=== Exercise aim ===
Reproduce the entries word for word but drop every picture.

────────────────────────────────────────

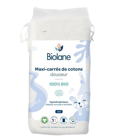 Les maxi carrés de cotons certifiés biologiques Biolane permettent de nettoyer en douceur votre bébé. Ils sont adaptés à leur peau sensible.
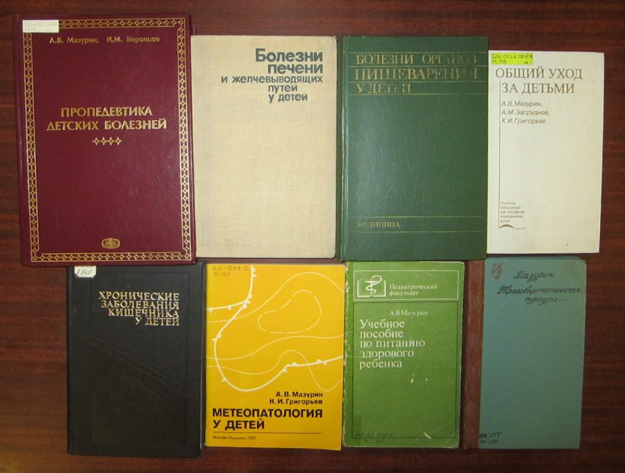 - Заболевания желудка и двенадцатиперстной кишки у детей : методические рекомендации) / М-во здравоохранения СССР, Четвёртое главное управление ; [сост. А. В. Мазурин [и др.]. — М.: Четвертое ГУ Минздрава СССР, 1981.
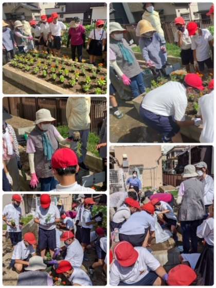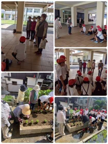 委員会の子どもたちと一緒に、学習園と玄関に置くプランターに、きれいに植え替えていただきました。
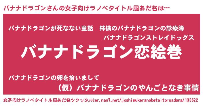 | 男性向けラノベタイトル風あだ名 | 『おまえをオタクにしてやるから、俺をバナナドラゴンにしてくれ! 』 |
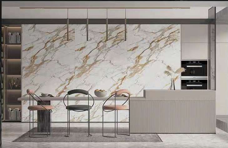 Taikymas | Calacatta auksinis porcelianas pasižymi atsparumu aukštai temperatūrai ir geru apsaugos nuo užsiteršimo poveikiu. Jis dažnai naudojamas bendram virtuvės ir vonios kambario dizainui |

────────────────────────────────────────

=== Task solution ===
 Les maxi carrés de cotons certifiés biologiques Biolane permettent de nettoyer en douceur votre bébé. Ils sont adaptés à leur peau sensible.
 - Заболевания желудка и двенадцатиперстной кишки у детей : методические рекомендации) / М-во здравоохранения СССР, Четвёртое главное управление ; [сост. А. В. Мазурин [и др.]. — М.: Четвертое ГУ Минздрава СССР, 1981.
 委員会の子どもたちと一緒に、学習園と玄関に置くプランターに、きれいに植え替えていただきました。
 | 男性向けラノベタイトル風あだ名 | 『おまえをオタクにしてやるから、俺をバナナドラゴンにしてくれ! 』 |
 Taikymas | Calacatta auksinis porcelianas pasižymi atsparumu aukštai temperatūrai ir geru apsaugos nuo užsiteršimo poveikiu. Jis dažnai naudojamas bendram virtuvės ir vonios kambario dizainui |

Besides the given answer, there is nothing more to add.